### Given material
• • • •
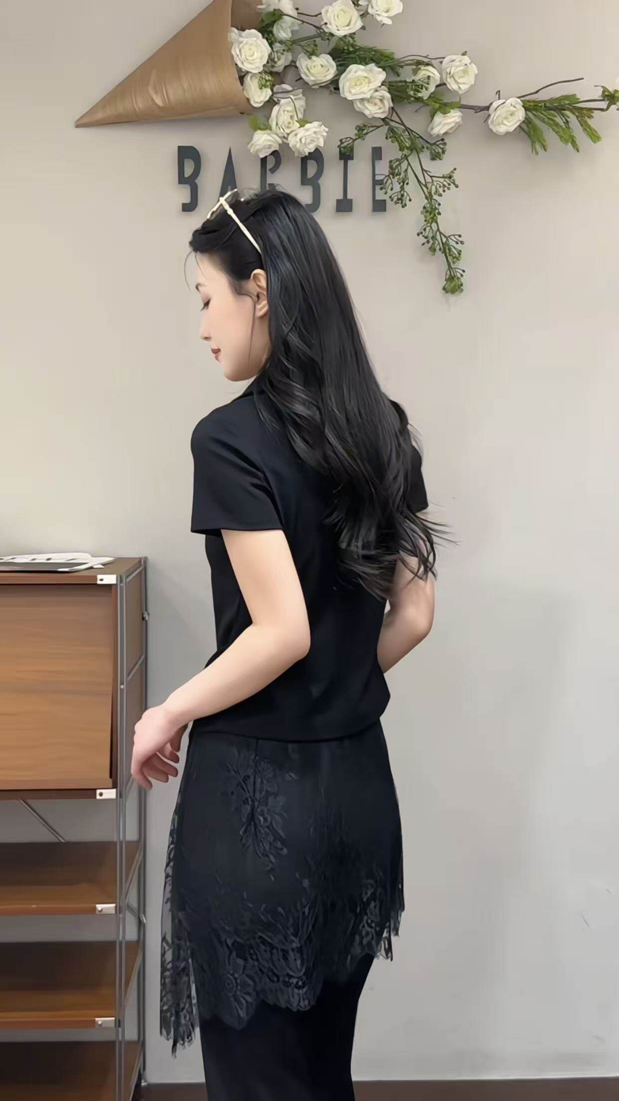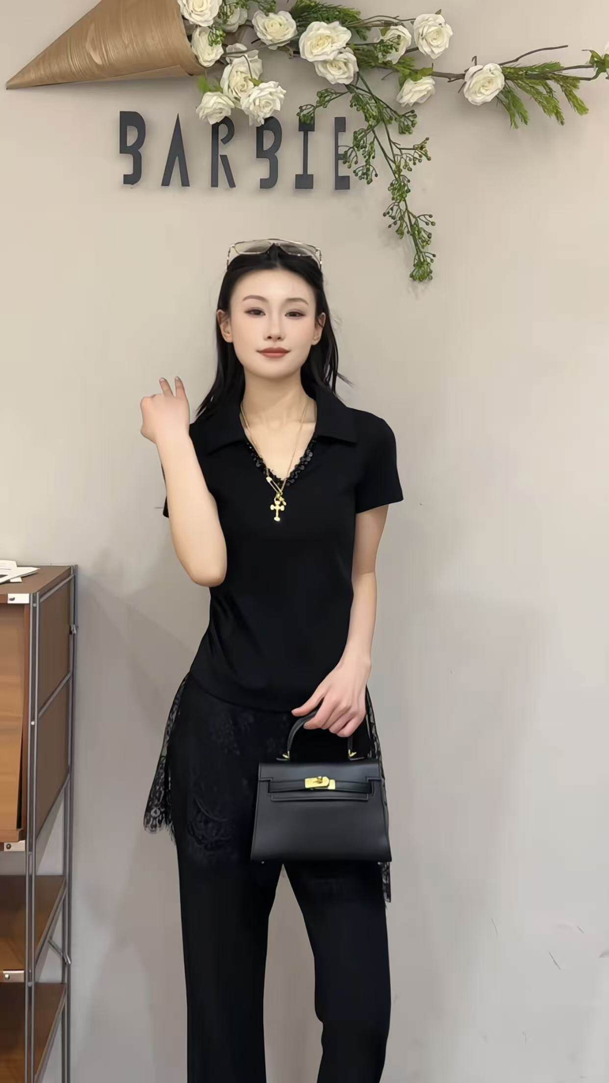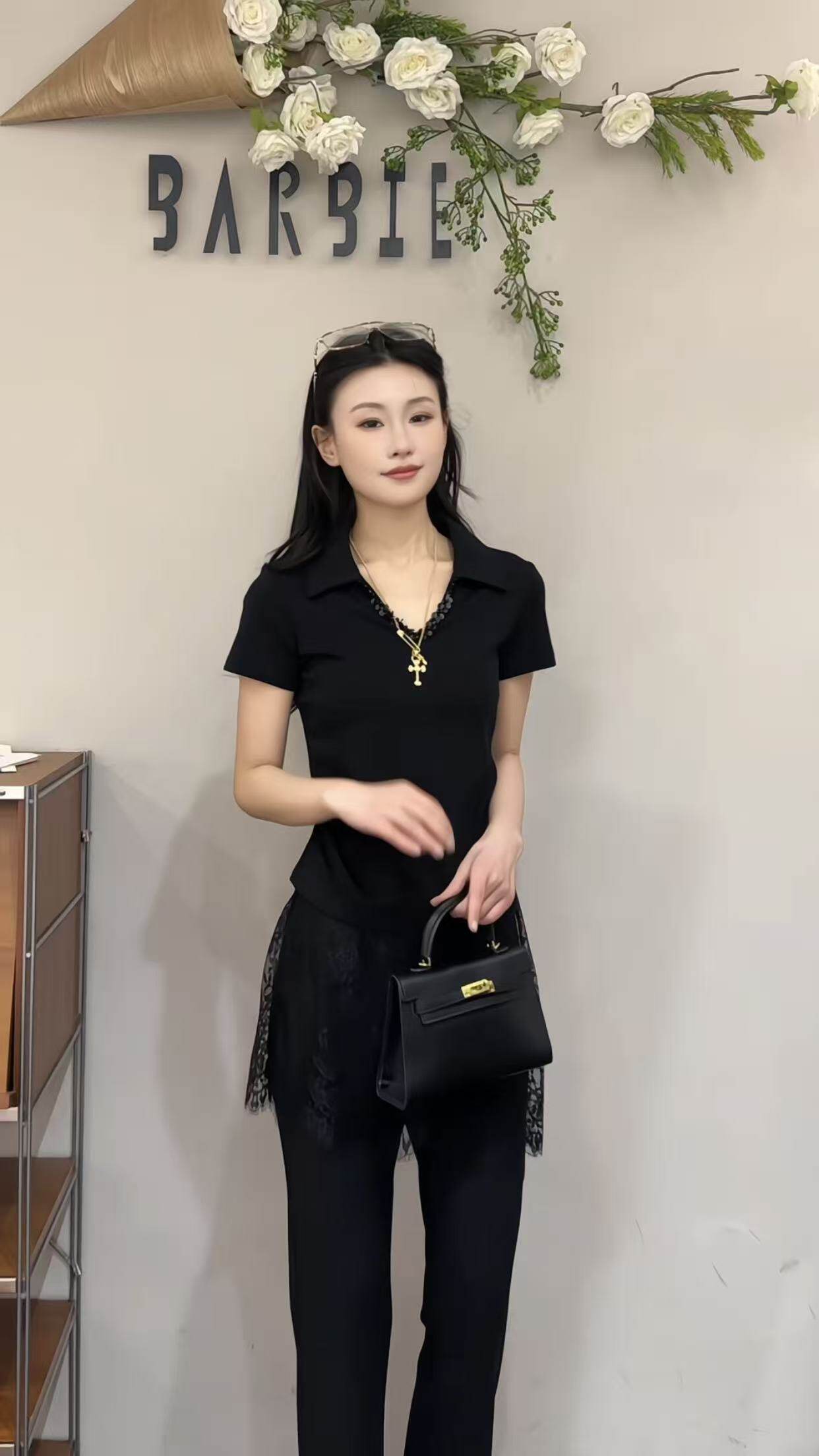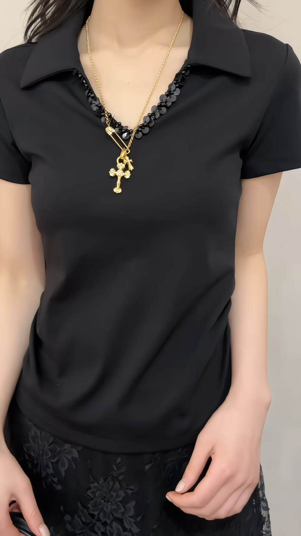 上衣35533 正肩短袖 欧洲站2026新款 欧货气质钉珠亮片鸡心领修身
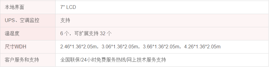 模方采用即插即用的機架式監控系統,除了監測機載UPS,空調,配電設備等的參數,也將溫濕度、煙感、漏水、門磁等監測功能集于一體,并支持消防聯動及視屏監控。
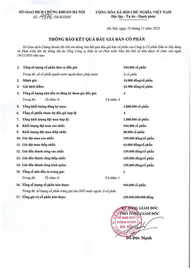 (HANDICO) – Tổng công ty Đầu tư và Phát triển nhà Hà Nội (HANDICO) công bố kết quả đấu giá bán cổ phần của Công ty Cổ phần Đầu tư Xây dựng và Phát triển Đô thị Hồng Hà (CT4) do Tổng công ty Đầu tư và Phát triển nhà Hà Nội sở hữu được tổ chức vào ngày 19/11/2025 tại Sở Giao dịch Chứng khoán Hà Nội. Thông tin chi được gửi kèm theo Thông báo số 4976/TB-SGDHN ngày 19/11/2025 của HNX.
• • • •
### What the task requires
Return the complete data unchanged and include none of the pictures.

### Solution to the exercise
 上衣35533 正肩短袖 欧洲站2026新款 欧货气质钉珠亮片鸡心领修身
 模方采用即插即用的機架式監控系統,除了監測機載UPS,空調,配電設備等的參數,也將溫濕度、煙感、漏水、門磁等監測功能集于一體,并支持消防聯動及視屏監控。
 (HANDICO) – Tổng công ty Đầu tư và Phát triển nhà Hà Nội (HANDICO) công bố kết quả đấu giá bán cổ phần của Công ty Cổ phần Đầu tư Xây dựng và Phát triển Đô thị Hồng Hà (CT4) do Tổng công ty Đầu tư và Phát triển nhà Hà Nội sở hữu được tổ chức vào ngày 19/11/2025 tại Sở Giao dịch Chứng khoán Hà Nội. Thông tin chi được gửi kèm theo Thông báo số 4976/TB-SGDHN ngày 19/11/2025 của HNX.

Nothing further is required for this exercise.